Many of Orion’s free-floating planetary objects spied by JWST are close enough together that they are likely orbiting each other in wide binary systems. In fact, the researchers who discovered these things call them Jupiter-Mass Binary Objects (JuMBOs). How they arose is difficult to understand. We know that such planetary objects form around stars. And we also know that in the chaotic early days of a planetary system, close encounters between worlds can eject one or more of them, dooming the outcasts to wander through space like interstellar nomads. Although many such rogue planets have been discovered, it’s not at all clear how they could form a binary system.

Yet 40 of the planetary-mass objects seen in the images—nearly 10 percent of them—are in binaries.

It’s possible they were born like stars, arising directly from the gas in the Orion nebula, but that would be weird, too. Although binary stars are common, there are far more of these JuMBOs seen than expected, given previous observations of how planetary-mass objects form. Is there some new mechanism that kicks in at low masses that promotes Jupiter-class objects popping up in wide binary systems?
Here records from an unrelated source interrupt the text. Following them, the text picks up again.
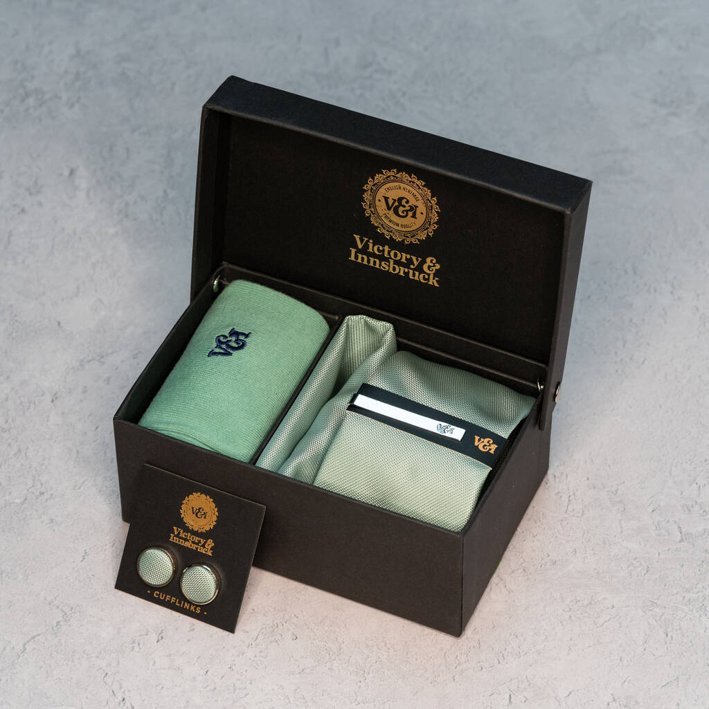 Sage Green Textured Tie Set And Socks Wedding Groomsmen Gift
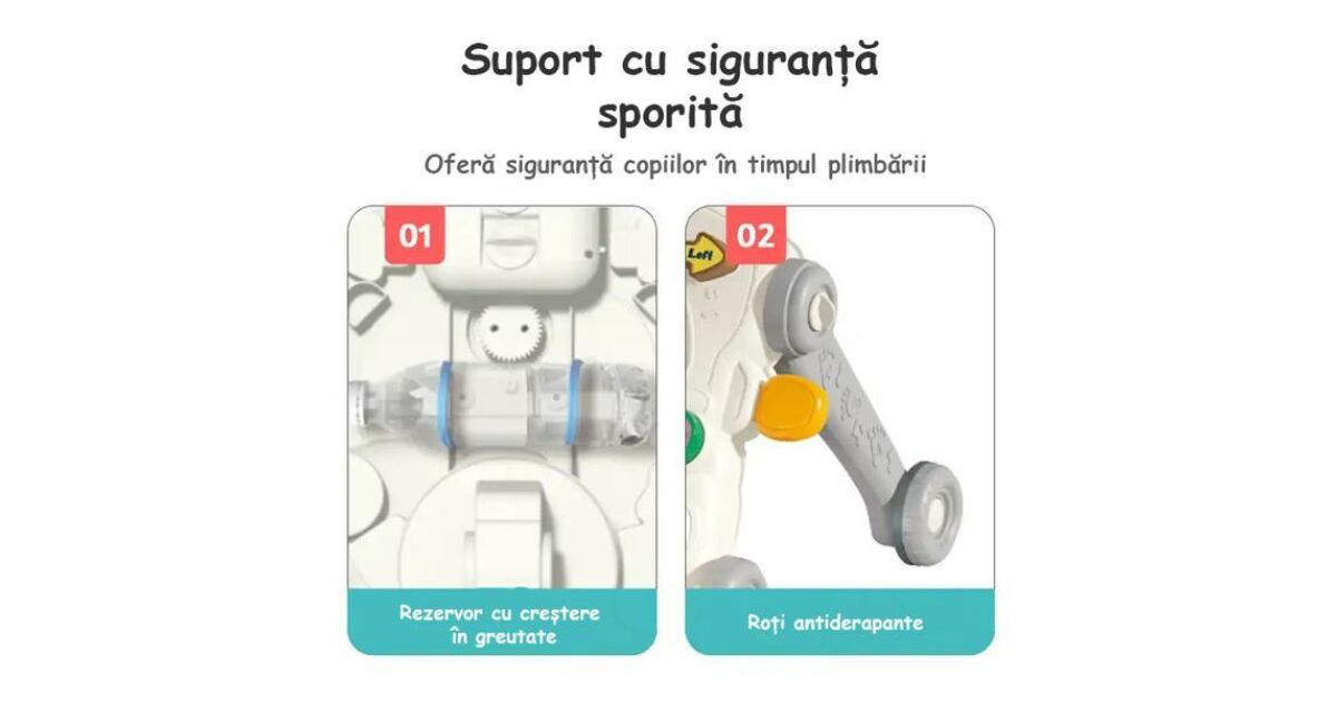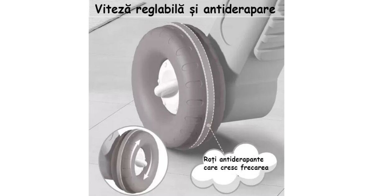 - Roți antiderapante: Asigură o mișcare sigură pe toate suprafețele.
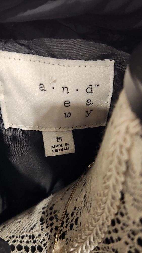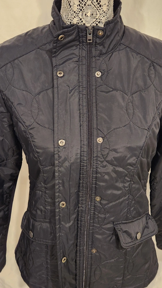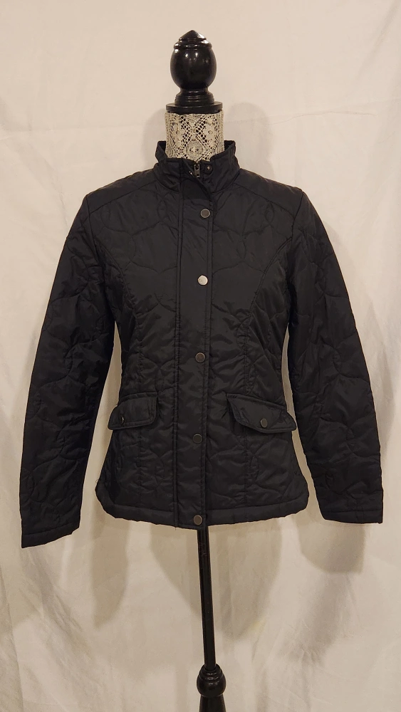Black quilted jacket with a zipper and button closure. It has two pockets, one on each side. The jacket is lined with a soft fabric. It is lightweight and perfect for layering.
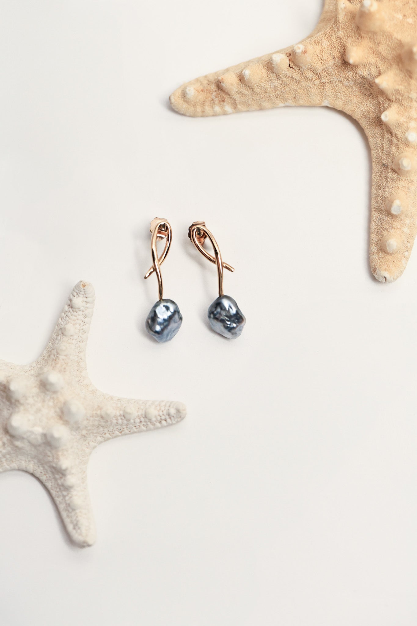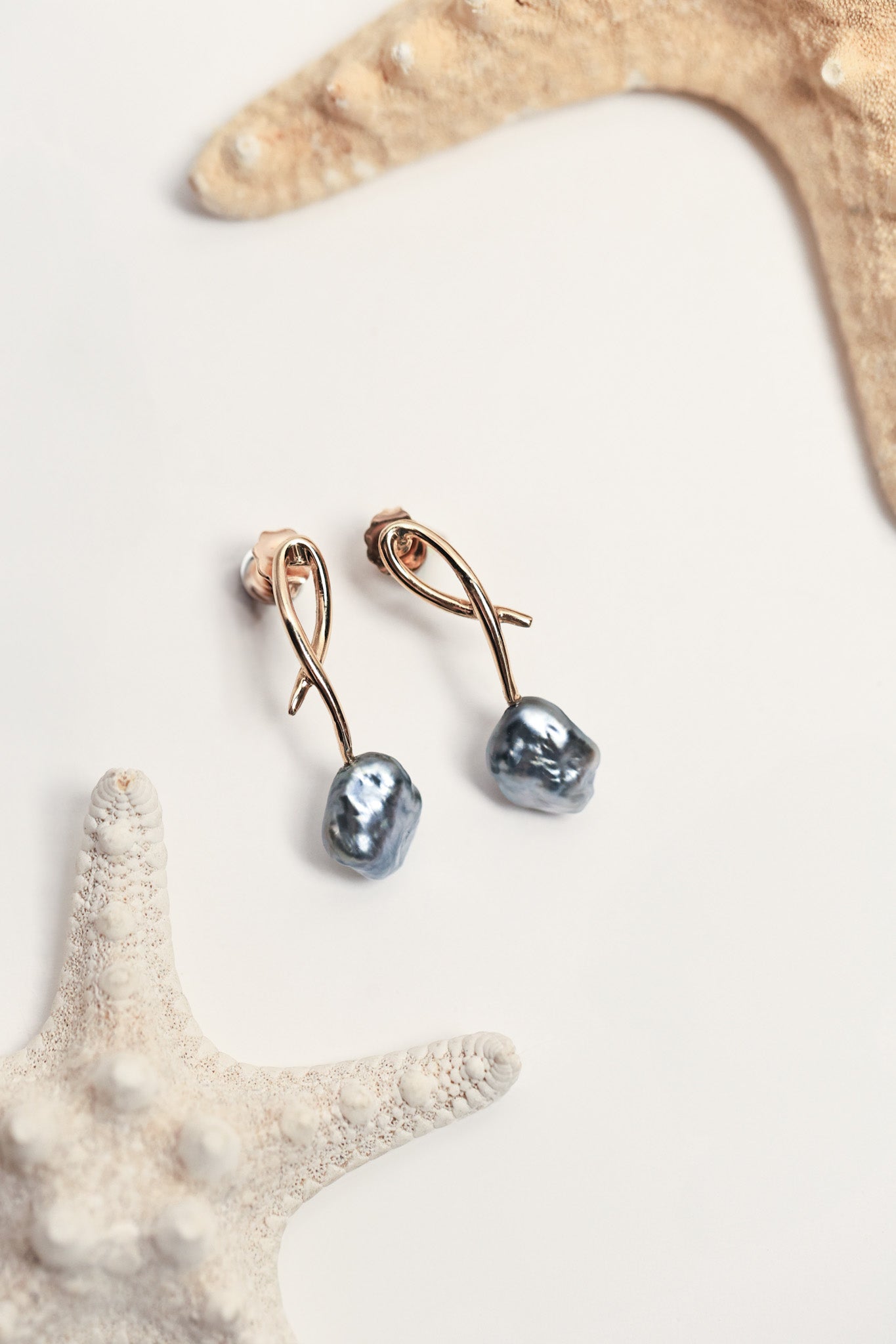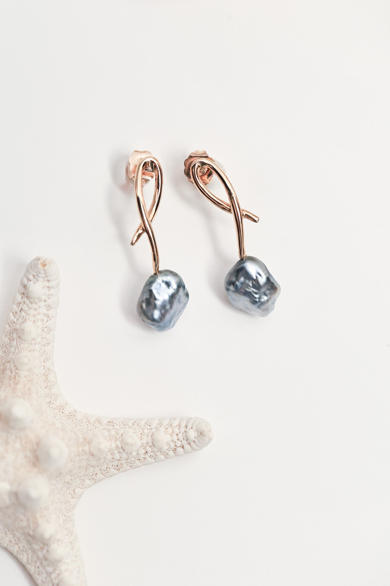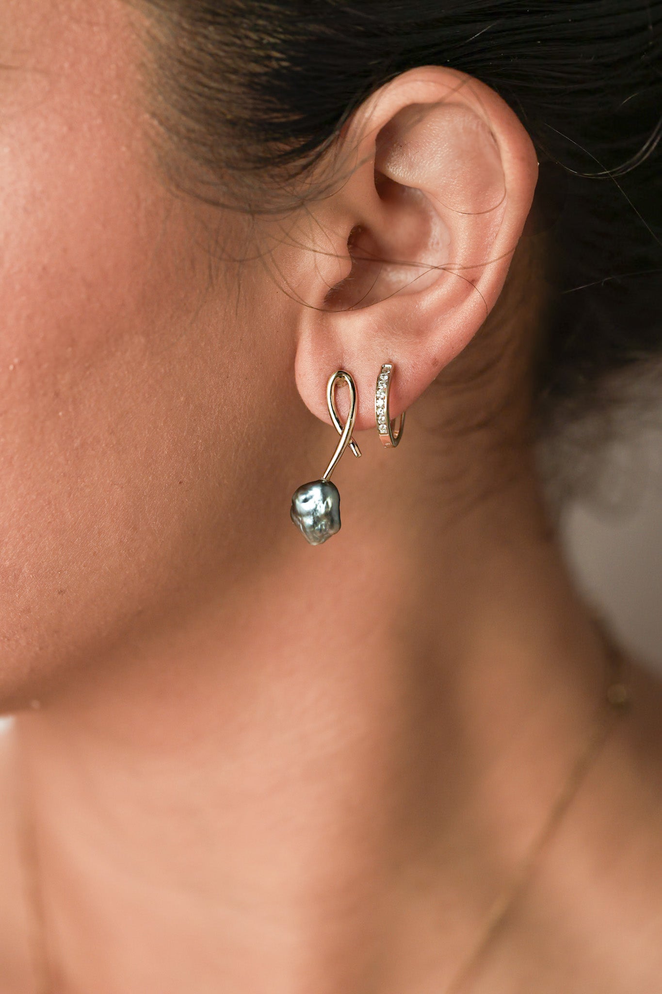 These 14KT gold earrings feature large blue Keshi pearls, celebrated for their unique shapes and lustrous surfaces. Each pair is a singular treasure, varying naturally in size, color, and quality, making them an exceptional addition to any discerning collector’s selection. Their distinctive beauty highlights the organic elegance of Keshi pearls, ensuring a truly one-of-a-kind accessory.

Astronomers don’t know—yet. Further observations could help clear this up.

Not knowing the answer is a little frustrating, but who doesn’t love a mystery—especially one of such cosmic proportions? And it’s a great reminder that the sky is full of such puzzles, even among the most well-studied and lovely objects we know.

If you find yourself out on a clear night this winter, hunt out Orion and take a look at that middle “star” of the three below the constellation’s belt. Just because you can see it doesn’t mean you can see it. There’s still a lot left to uncover there.